— ACTION ITEM —
Only the lines from the one containing "Cc la team aujourd'hui" through the last line of the material should be copied, exactly as written and without pictures.
(RECORDS PROVIDED)
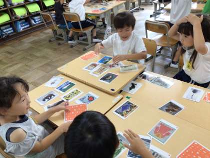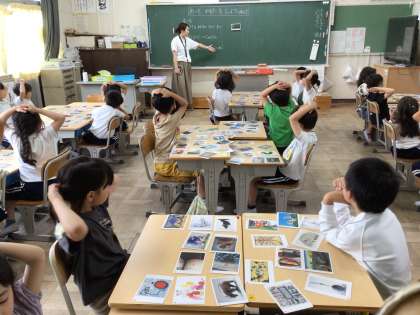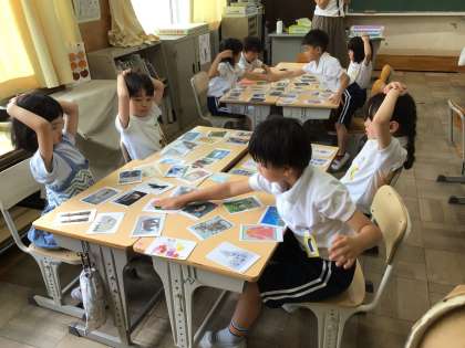 1年生の教室で、アートかるたの授業をしていました。様々な美術作品のカードの中から、担任が選んだカードの様子を口や体で表現すると、間髪入れずにカードを取っていました。大盛り上がりで、どのグループも笑顔があふれていました。
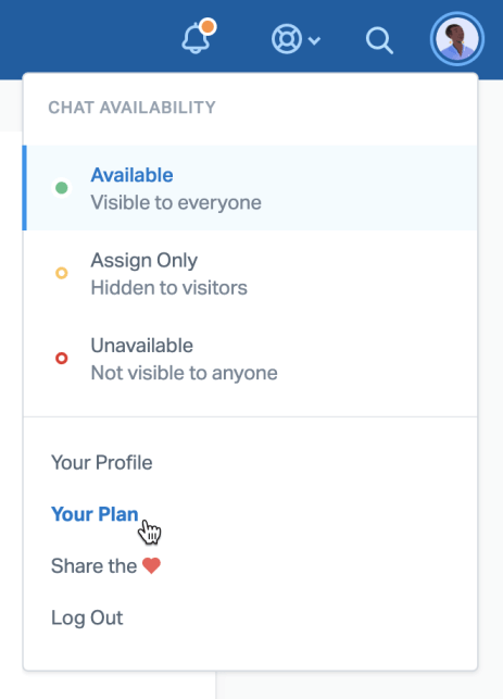 Click the Account icon in the top-right hand corner of Help Scout, then select the Your Plan option from the dropdown menu.
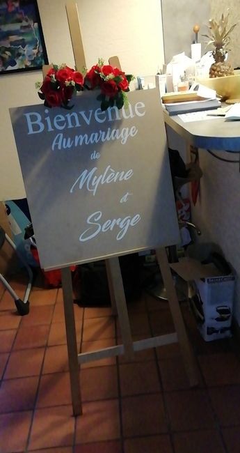 Cc la team aujourd'hui a mon tour de vous demandez votre avis Mon cadre fait 63x60cm - est ce que le texte est bon niveau taille - quelle présentation choisir photo 1 ou photo 2 Merci pour votre ps: mon futur voit le panneau et me dit c'est pas mal...
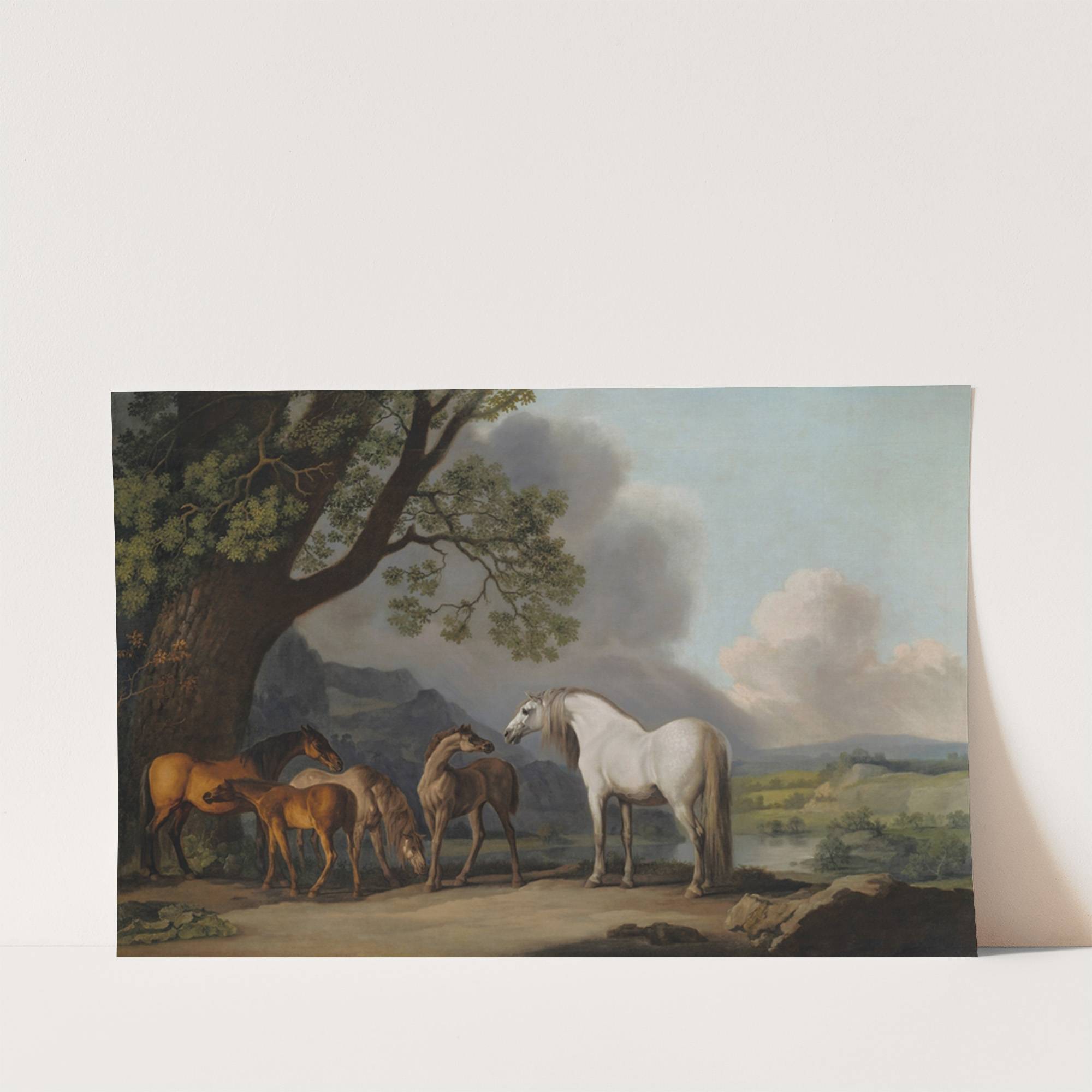 Mares and Foals in an extensive landscape by George Stubbs - Wall Art Print
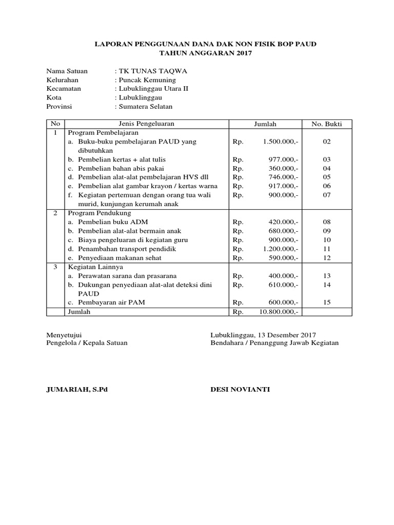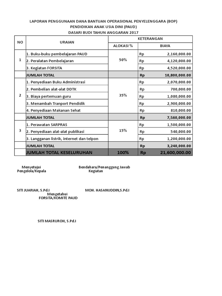 Contoh laporan penggunaan dana bop paud
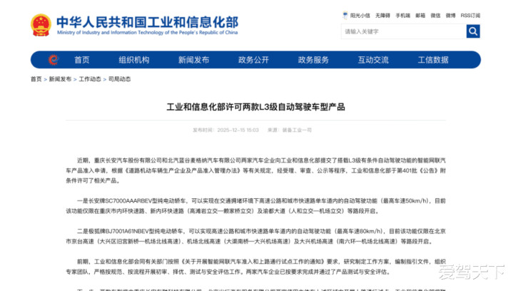 根据工信部发布的信息,重庆长安汽车股份有限公司和北汽蓝谷麦格纳汽车有限公司两家汽车企业,获得了搭载L3级有条件自动驾驶功能的智能网联汽车产品准入申请。
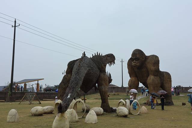 花海的旁边是“稻梦空间”,里面都是用稻草制作的模型,最大最经典就是大恐龙和金刚。还是那句话,天气不好啊!
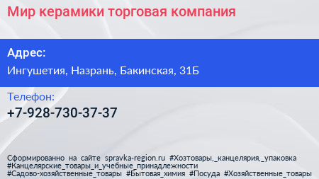 Мир керамики, торговая компания по адресу Ингушетия, Назрань, Бакинская, 31Б в дальнейшем Организация, размещена в следующих категориях:
(End RECORDS PROVIDED)
— THE COMPLETED TASK —
 Cc la team aujourd'hui a mon tour de vous demandez votre avis Mon cadre fait 63x60cm - est ce que le texte est bon niveau taille - quelle présentation choisir photo 1 ou photo 2 Merci pour votre ps: mon futur voit le panneau et me dit c'est pas mal...
 Mares and Foals in an extensive landscape by George Stubbs - Wall Art Print
 Contoh laporan penggunaan dana bop paud
 根据工信部发布的信息,重庆长安汽车股份有限公司和北汽蓝谷麦格纳汽车有限公司两家汽车企业,获得了搭载L3级有条件自动驾驶功能的智能网联汽车产品准入申请。
 花海的旁边是“稻梦空间”,里面都是用稻草制作的模型,最大最经典就是大恐龙和金刚。还是那句话,天气不好啊!
 Мир керамики, торговая компания по адресу Ингушетия, Назрань, Бакинская, 31Б в дальнейшем Организация, размещена в следующих категориях:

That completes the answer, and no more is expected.